Keep the images out while you retype all of the data exactly.
(Supplied data)
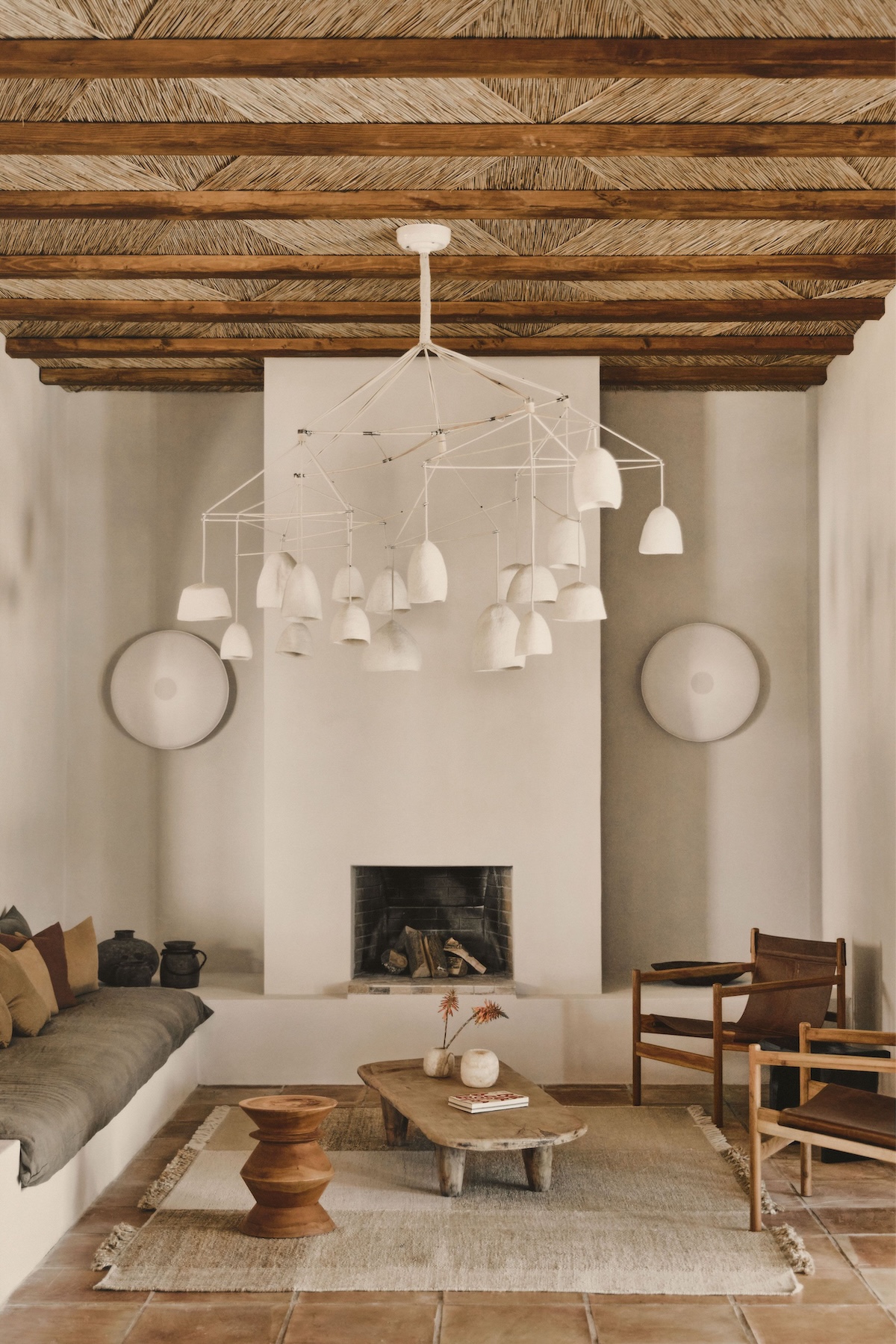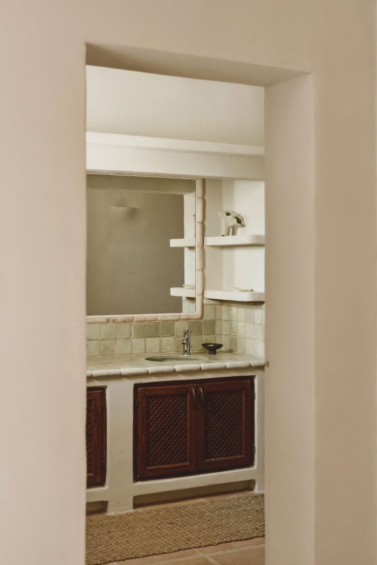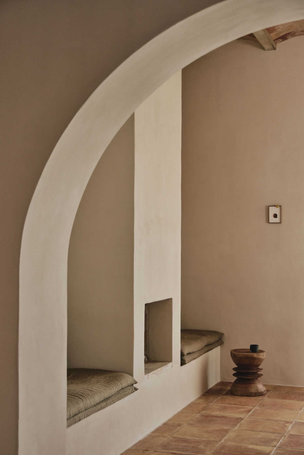 Le studio a collaboré étroitement avec des artisans locaux, apportant une dimension artisanale aux éléments clés du projet. L’un des détails les plus remarquables est le plafond en poutres de canne tressée du salon, spécialement conçu pour élever l’espace. Attirant le regard vers le haut, il introduit une chaleur artisanale et une profondeur texturée, insufflant à la pièce un rythme doux qui fait écho aux voûtes du plafond de la salle à manger attenante.
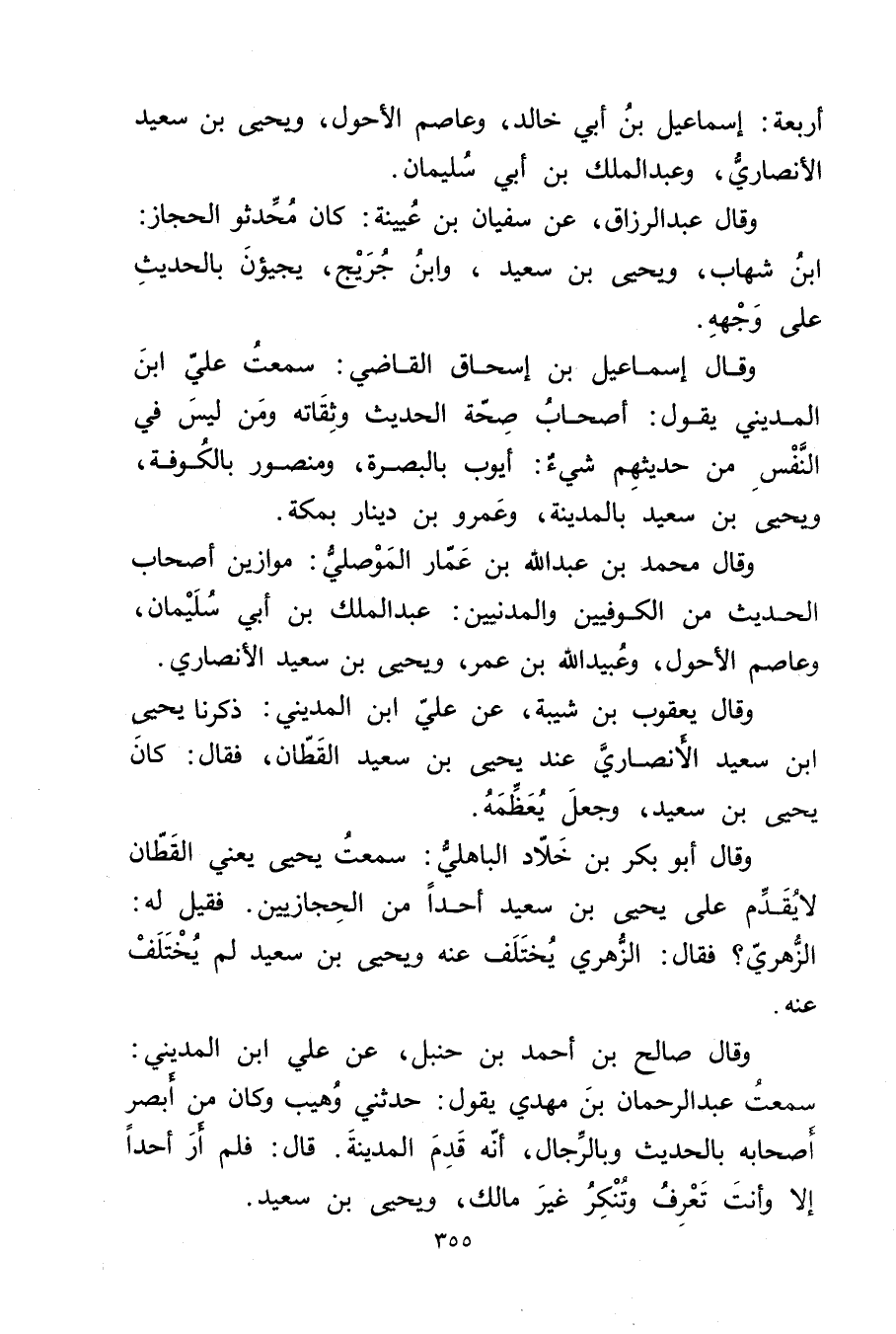 وَقَال صَالِح بْن أَحْمَد بن حنبل، عن علي ابن المديني: سمعت عبد الرحمن بن مَهْدِيّ يَقُول: حَدَّثَنِي وهيب وكَانَ من أبصر أصحابه بالحديث وبالرجال، أنه قدم المدينة قال: فلم أر أحدا إلا وأنت تعرف وتنكر غير مَالِك، ويحيى بْن سَعِيد.
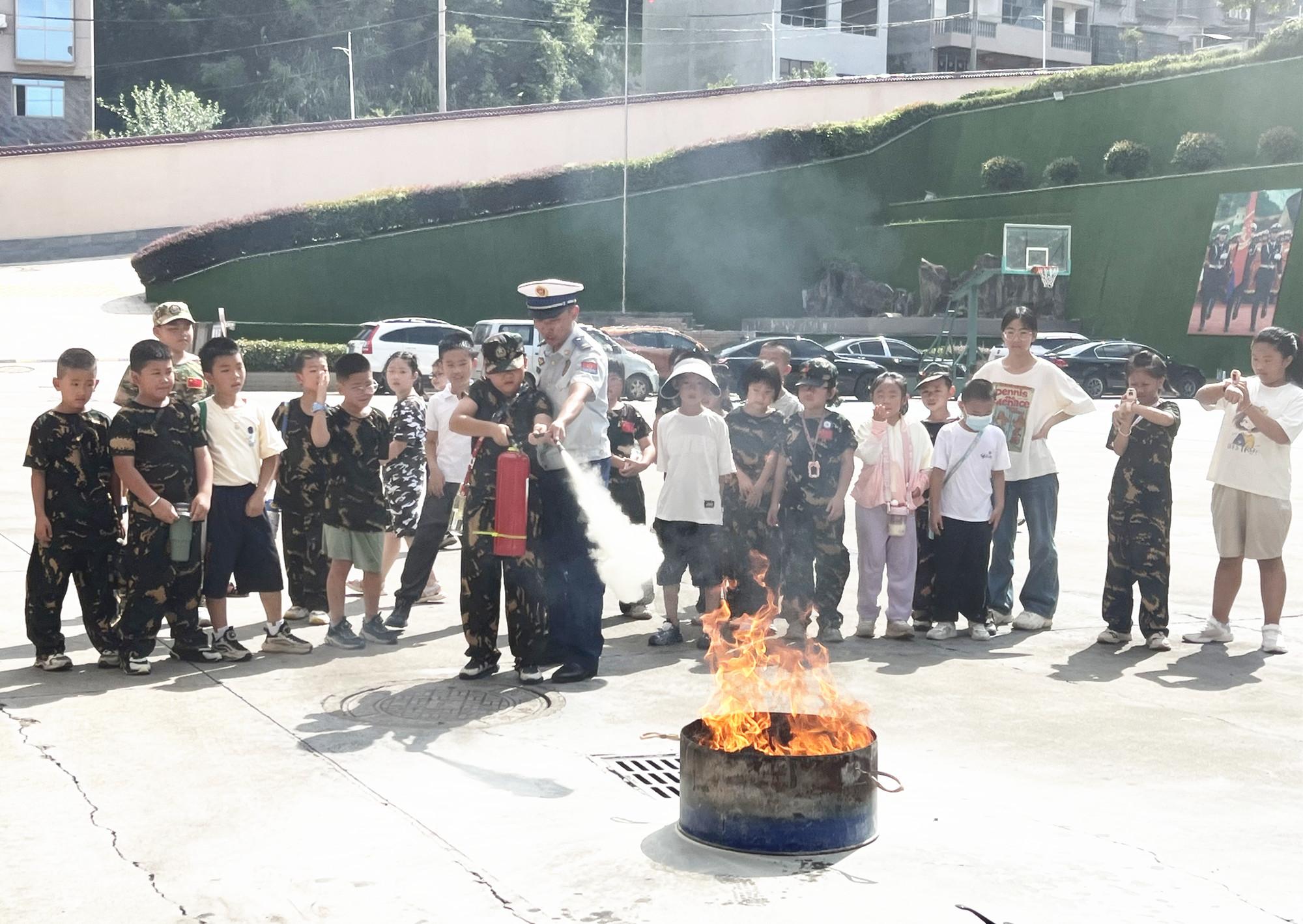 近日,政和縣總工會組織暑期夏令營師生走進(jìn)政和縣源峰莊消防救援站,“零距離”體驗消防工作。圖為消防員指導(dǎo)師生如何油盆滅火。 |
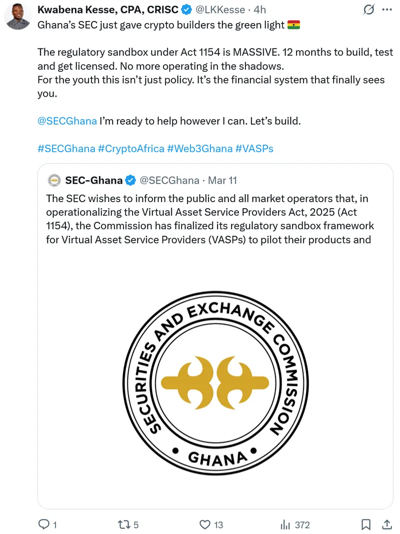 加纳证券交易委员会于周二宣布,已批准11家加密交易平台参与该国新设立的监管沙盒计划。这是自去年12月立法以来,支持加密行业的首个重要举措,旨在为本地市场提供监管清晰度。
(End Supplied data)
### Reply
 Le studio a collaboré étroitement avec des artisans locaux, apportant une dimension artisanale aux éléments clés du projet. L’un des détails les plus remarquables est le plafond en poutres de canne tressée du salon, spécialement conçu pour élever l’espace. Attirant le regard vers le haut, il introduit une chaleur artisanale et une profondeur texturée, insufflant à la pièce un rythme doux qui fait écho aux voûtes du plafond de la salle à manger attenante.
 وَقَال صَالِح بْن أَحْمَد بن حنبل، عن علي ابن المديني: سمعت عبد الرحمن بن مَهْدِيّ يَقُول: حَدَّثَنِي وهيب وكَانَ من أبصر أصحابه بالحديث وبالرجال، أنه قدم المدينة قال: فلم أر أحدا إلا وأنت تعرف وتنكر غير مَالِك، ويحيى بْن سَعِيد.
 近日,政和縣總工會組織暑期夏令營師生走進(jìn)政和縣源峰莊消防救援站,“零距離”體驗消防工作。圖為消防員指導(dǎo)師生如何油盆滅火。 |
 加纳证券交易委员会于周二宣布,已批准11家加密交易平台参与该国新设立的监管沙盒计划。这是自去年12月立法以来,支持加密行业的首个重要举措,旨在为本地市场提供监管清晰度。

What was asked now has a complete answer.